SoftLord: and yes, i do expect a lot from my
friends…tahts why i dont have a ton of them, and
even fewer lovers…but the ones that i do have i
treasure.

SoftLord: just dont make me regret talkin to you

chrrybmbnyc: you won’t

chrrybmbnyc: it has been interesting??

SoftLord: what has?

chrrybmbnyc: the ride

SoftLord: i was never one for rollercoasters

chrrybmbnyc: just the merry go round

SoftLord: on turbo mode perhaps

chrrybmbnyc: so what have you been up to lately

SoftLord: work…thats pretty much it…

chrrybmbnyc: that’s a pity

chrrybmbnyc: how’s your menagerie of women

SoftLord: well i seem to remember a booty call that
never happened.


chrrybmbnyc: I was talking about your Egypt and German
girls


SoftLord: *shrug* Alex has a girlfriend, Sue’s comin
back at the end of the month… everyone else can
go fuck themselves


chrrybmbnyc: that doesn’t sound good

SoftLord: nah its fine…was time to clean out the
hangers-on


chrrybmbnyc: I hear that

SoftLord: make some new friends

chrrybmbnyc: that’s always just easier

SoftLord: whatever happened to Michael…he didn’t
move along with you? i liked him, tho he was pretty
tightly wound


chrrybmbnyc: you mean ax-murderer michael

SoftLord: sure

chrrybmbnyc: he went back to new orleans to spend
some time with his son

SoftLord: ah.. he did have that NOLA vibe about
him


chrrybmbnyc: yes he did. do miss him though

SoftLord: he seemed like good people, ax murderer
aside


chrrybmbnyc: he definitely was…really did me a solid
once

SoftLord: tho apparnetly he made me nervous…i
always knock things over around people who make
me nervous


chrrybmbnyc: hold on…I have to pee

chrrybmbnyc: done peeing

SoftLord: hope everything came out alright.

chrrybmbnyc: yes, it

chrrybmbnyc: came out fine

SoftLord: good to know

chrrybmbnyc: and how’s your urethra

SoftLord: delicious

chrrybmbnyc: so what are you up to tonight

SoftLord: debating food, movie, chat, jerk off, sleep

chrrybmbnyc: in that order?

SoftLord: no, not necessarily

chrrybmbnyc: me too. adam wants to go out but I’m tired.
thinking of just kicking back and watching a movie


SoftLord: also shower might be in there

chrrybmbnyc: just showered myself

SoftLord: they’re good

chrrybmbnyc: yes, and healthy too

SoftLord: er…yes.

chrrybmbnyc: I’m pretty brain dead tonight

SoftLord: so i see

SoftLord: still, either of us at 50% is still better
than most at 100


chrrybmbnyc: very true and very sad

SoftLord: not so.

chrrybmbnyc: why not

SoftLord: most people are dumb…and we get to
take their money


chrrybmbnyc: I did neglect that point. yeah for stupid
people


SoftLord: hip hip

chrrybmbnyc: hooray

SoftLord: hoooo

SoftLord: haaaay

SoftLord: hooooo

chrrybmbnyc: did you call me a ho

SoftLord: i did not

chrrybmbnyc: well ed put a poll of cherrybomb asking who
the bigger whore was: me or christina. I took down the site
for now….but christina beat me out


SoftLord: i’msure he stacked the results

SoftLord: ho is different than whore isn’t it?

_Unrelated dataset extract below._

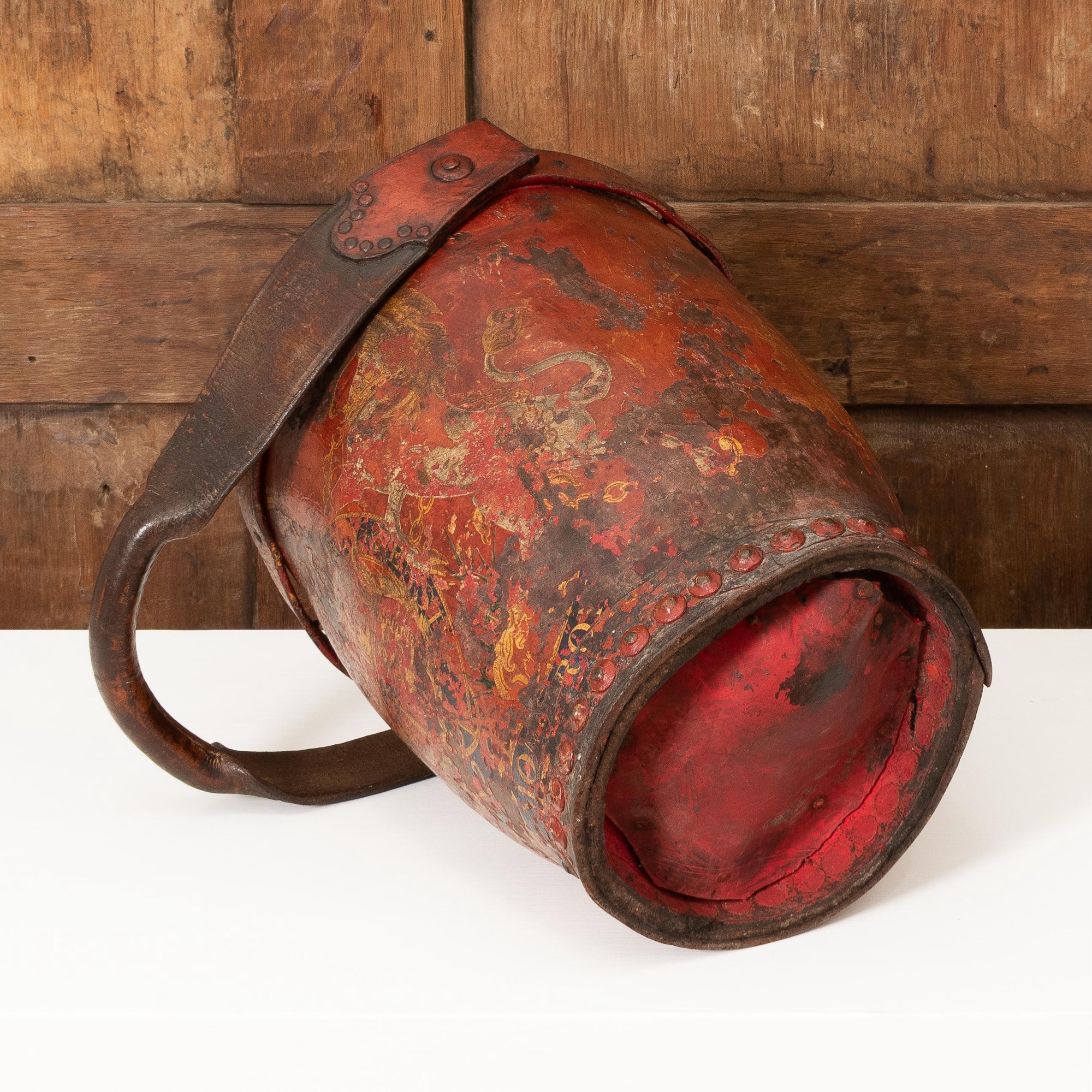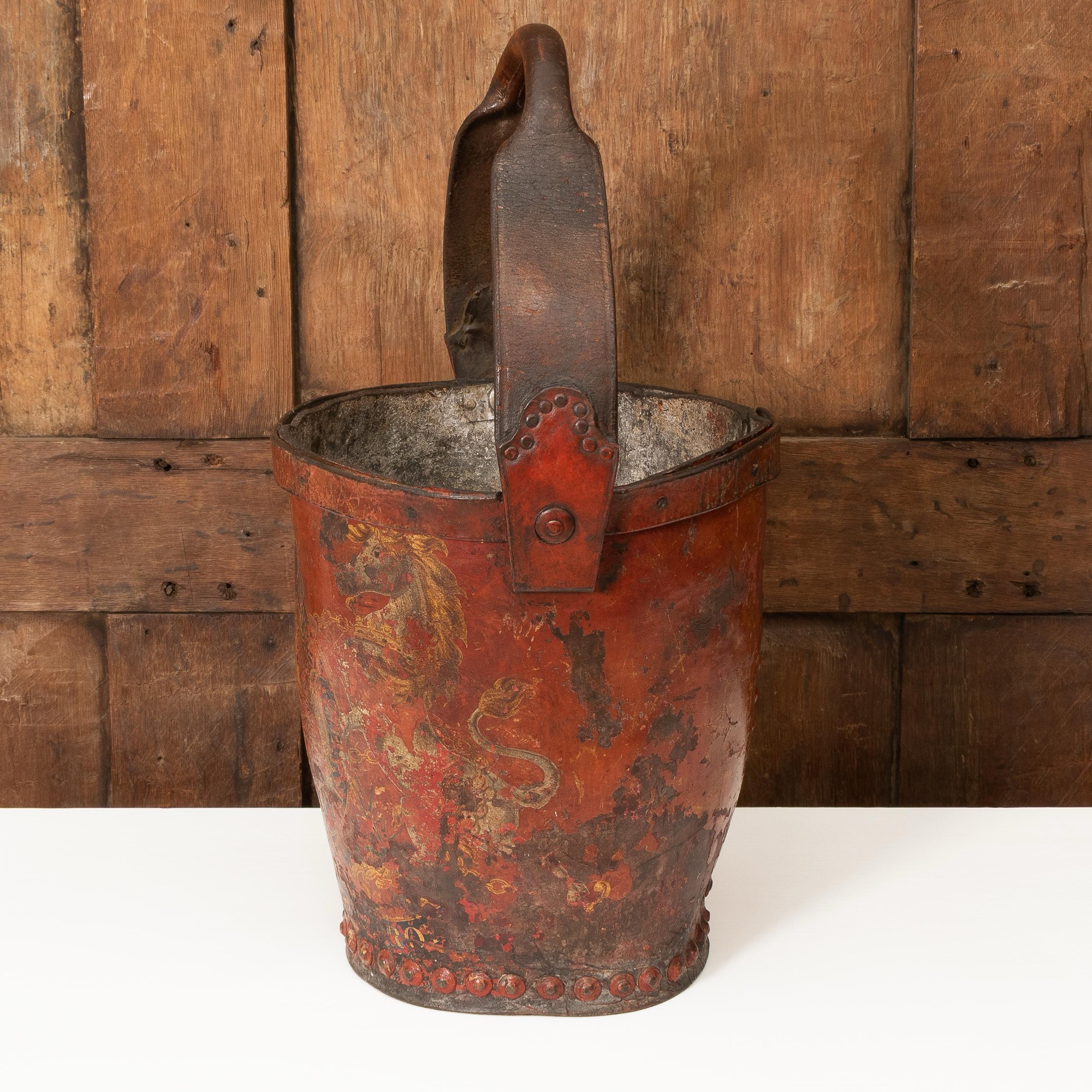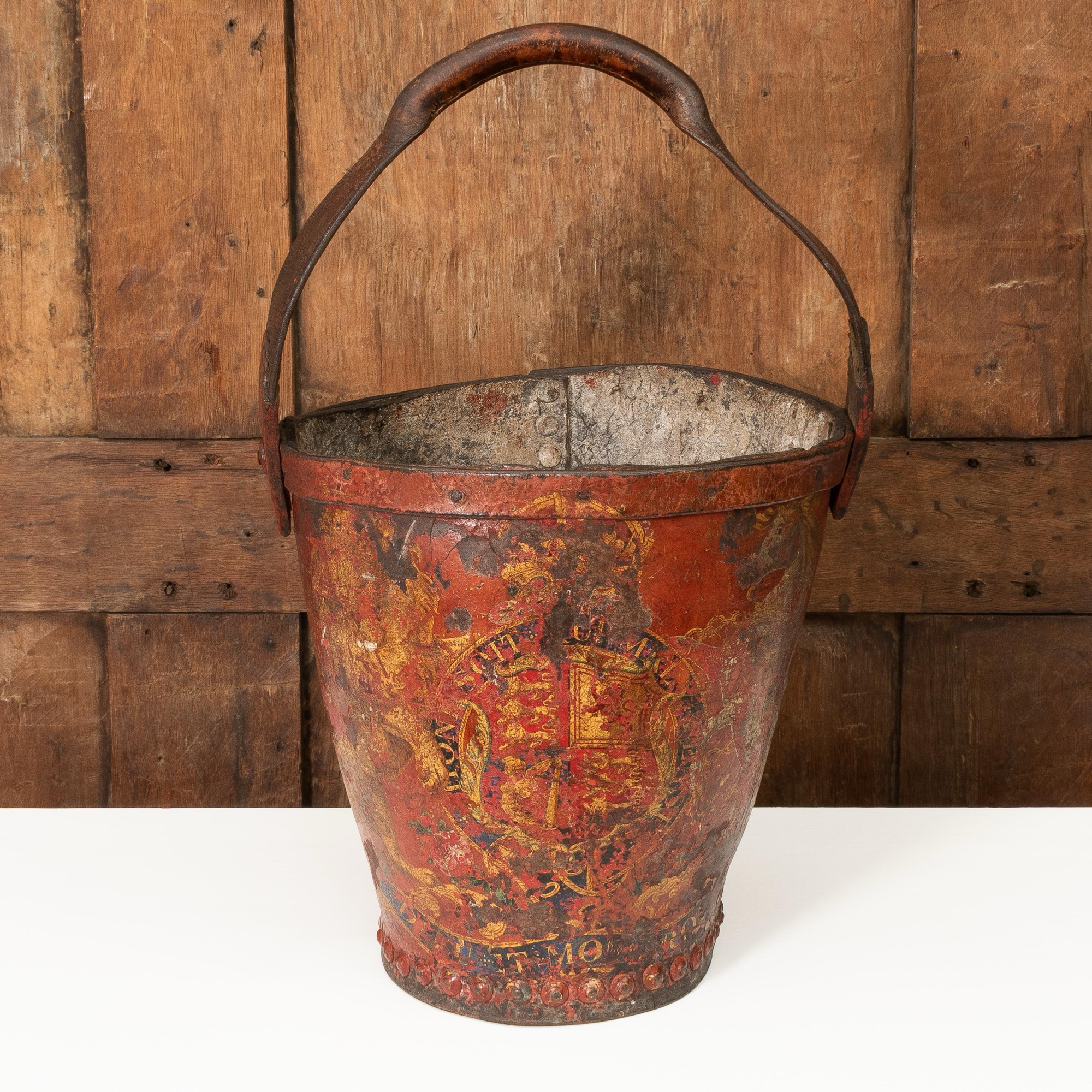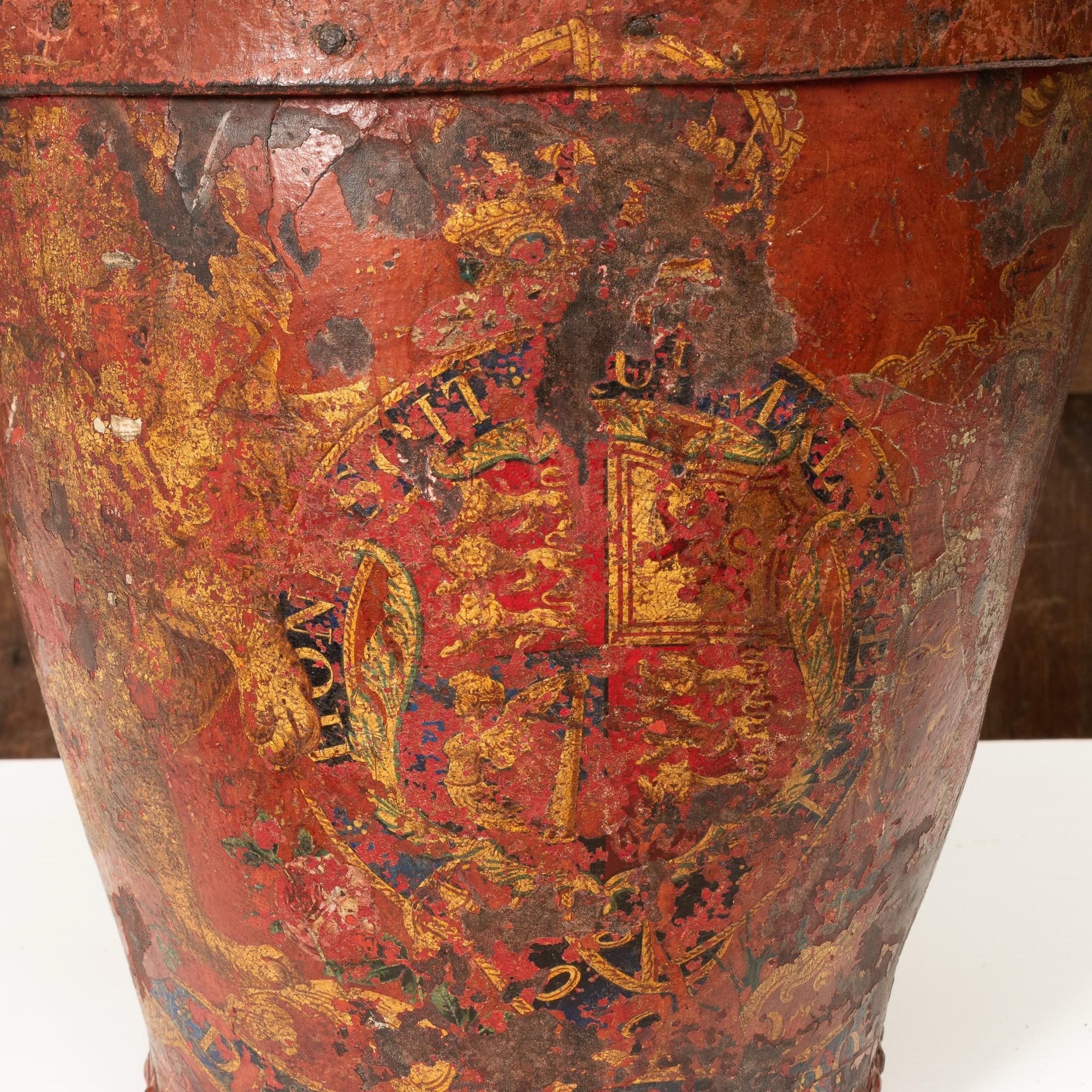 The tapering body polychrome-painted with the Royal Coat of Arms, close-nailed base, leather strap swing-handle

SoftLord: ho gives it away, whore makes you pay

chrrybmbnyc: isn’t ho short for whore

chrrybmbnyc: well donw

chrrybmbnyc: e

SoftLord: wasn’t evven goign for the rhyme thing

chrrybmbnyc: sometimes those things just happen

SoftLord: apparently

chrrybmbnyc: some sign of intelligence

SoftLord: as if there was any doubt

SoftLord: so are you out of pseudo.com altogether?

chrrybmbnyc: pretty much. I’ve been making too much $
producing for Playgirl. Part of my negotiation was that I get
cherrybomb.com and the brand. I don’t want to do any
more legal work for other people

SoftLord: i saw some article about playgirlTV…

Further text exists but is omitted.